I'm not complaining.

I am, however, complaining about the fact that-whatever we are- is at a confusing pause. He has backed off a lot, the texting hasn't been as frequent, nor has the innocent flirting. Sure, the flowers and dinners are spectacular, but my overthinking brain feels like, I don't know, confused? He's no longer stealing touches, he hasn't touched my hand, the messages are short when he does respond.

I'm getting mixed feelings, but in his defense, I blame myself.

My insecurities are getting in the way, along with the concern of Burke finding me. The stress from the unknown message has been constantly playing in my mind. I'm in a safe town but I don't feel safe, knowing he's trying to find me. I haven't slept well in- I don't even know how long- every noise outside has me jumping and peeping out the window.

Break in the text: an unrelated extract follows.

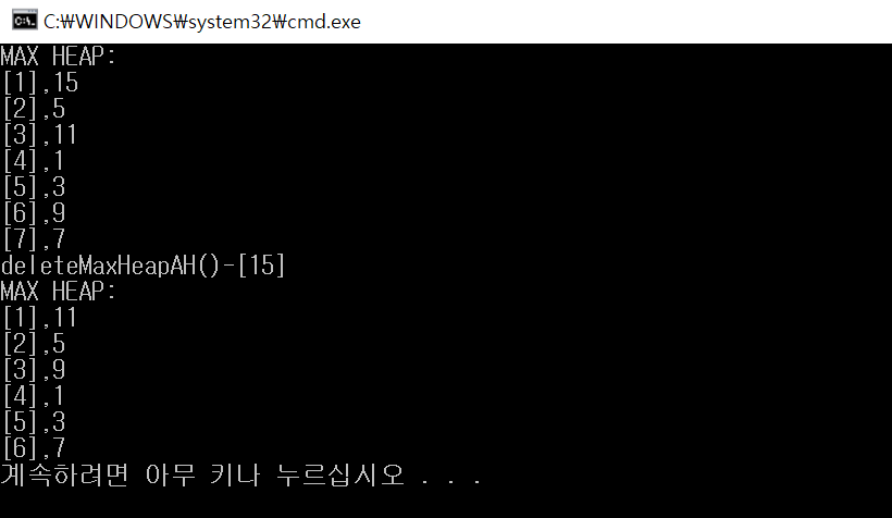 pNode = deleteMaxHeapAH(pMaxHeap);

I should probably talk to someone, the stress isn't healthy but at the same time my mental health is at stake, along with my safety. I think Nolan has picked up on my lack of sleep, but I also think he's waiting for me to make the move, since I'm the one setting the pace.

My phone vibrates on my desk, luckily today is friday. We've been slow today, thankfully, my lack of energy is taking a toll. Angie offered to get me a coffee but I had four cups at home this morning, I knew that was my limit. Through my exhaustion, my body excitedly reacts when I see a message from Nolan.

From: Nolan Benson

Did you get the flowers?

I smile at the beautiful sunflowers that sit on my desk.

To: Nolan Benson

I did, they're beautiful. You have me looking forward to Fridays even more.

Instantly I get a text back from him.

From: Nolan Benson

Good.

My heart drops with a little disappointment with the short message. I'm sure he's busy, but I miss the entertaining conversations we usually had. I place my phone back on my desk as I look around the room, keeping myself busy. I walk around and start dusting the place.

"I can't remember the last time we dusted this place." Angie jokes as she carries a puppy out towards me. I can't help but play with the puppy as we wait for the owner to come back. "You alright Emmie?" Angie's concerned brown orbs are on me as she asks.

"Yeah, just really tired." I force a smile as I pet the puppy.

"You know, you can talk to me. I can't even begin to imagine what it's like to start somewhere fresh, you have people who care. Whenever you're comfortable I'm here." She puts a hand on my shoulder giving it a gentle squeeze. I let her words soak in as the puppy's owner walks in to collect. After charging her and returning her animal she was quick to leave.